Americans got twice as many robocalls this year than in 2018, and the industry is still growing, according to a new study released this week.
"The reason that it's increasing so rapidly is that this is a profitable industry for the scamsters and the fraudsters," Kush Parikh, the CEO of Hiya, a company that develops tools to detect caller identity and protect people from being scammed, told The Hill. "It's a $9 billion industry and growing."
According to Hiya's new report, 54.6 billion robocalls were placed from January through November of this year, up 108% from last year. Meanwhile, the calls went up 46% from 2017 to 2018.
The average American receives 14 robocalls and spam calls, a month in 2019, many that are intended to steal customers' personal income, the report revealed.
The company said it calculated the growth by analyzing spam calls among its users, combined with data from national carriers.
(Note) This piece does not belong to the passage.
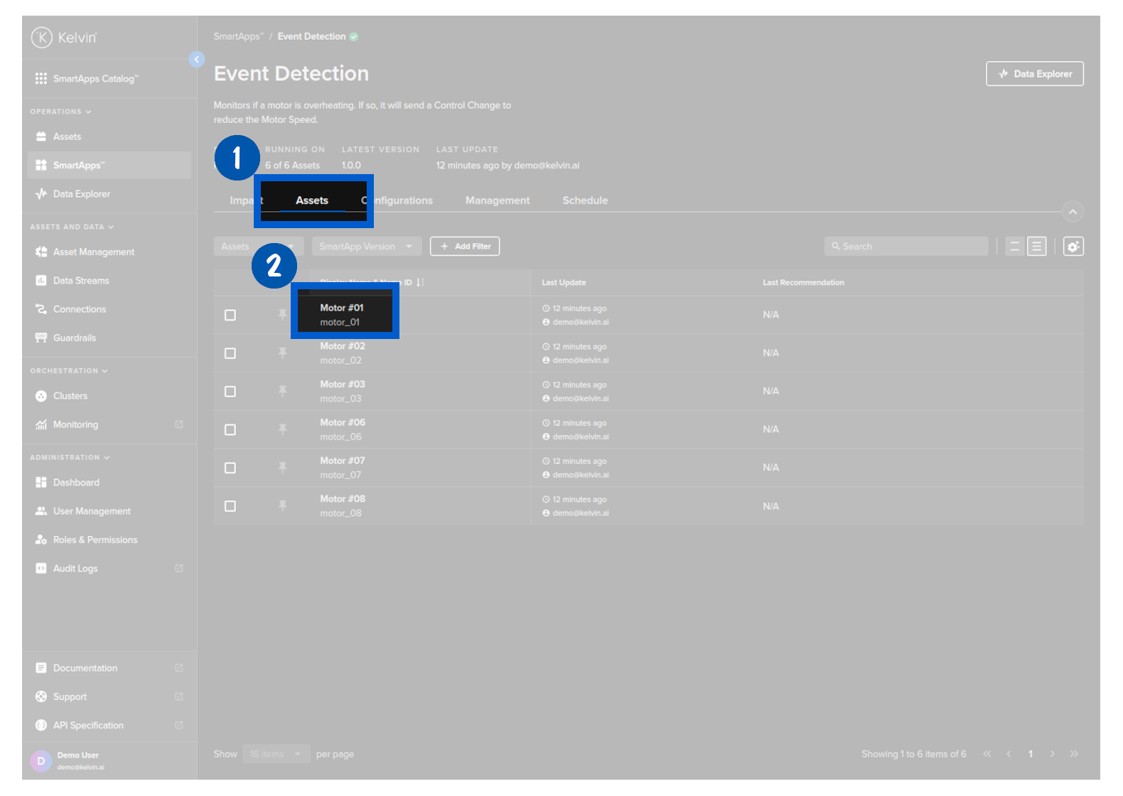 To do this, go to the Assets tab and click on the asset you want to visualize the data. This will open Data Explorer with the asset automatically selected.

Lawmakers and federal officials are working on legislation to tackle the problem, including the Pallone-Thune Telephone Robocall Abuse Criminal Enforcement and Deterrence (TRACED) Act, named after its sponsors in the House and Senate, Rep. Frank Pallone Jr., D-N.J., and Sen. John Thune, R-S.D.
The legislation will require phone companies to block robocalls without charging consumers more money, and to require U.S. carriers to be sure calls are coming from real numbers, but Parikh said that will not be enough, as spam callers are improving their methods.
The Federal Communications Commission also voted this summer to allow phone carriers to block suspicious calls by default, and last month, attorneys general from 50 states and Washington, D.C., joined with phone company executives while announcing an effort to fight back against robocalls.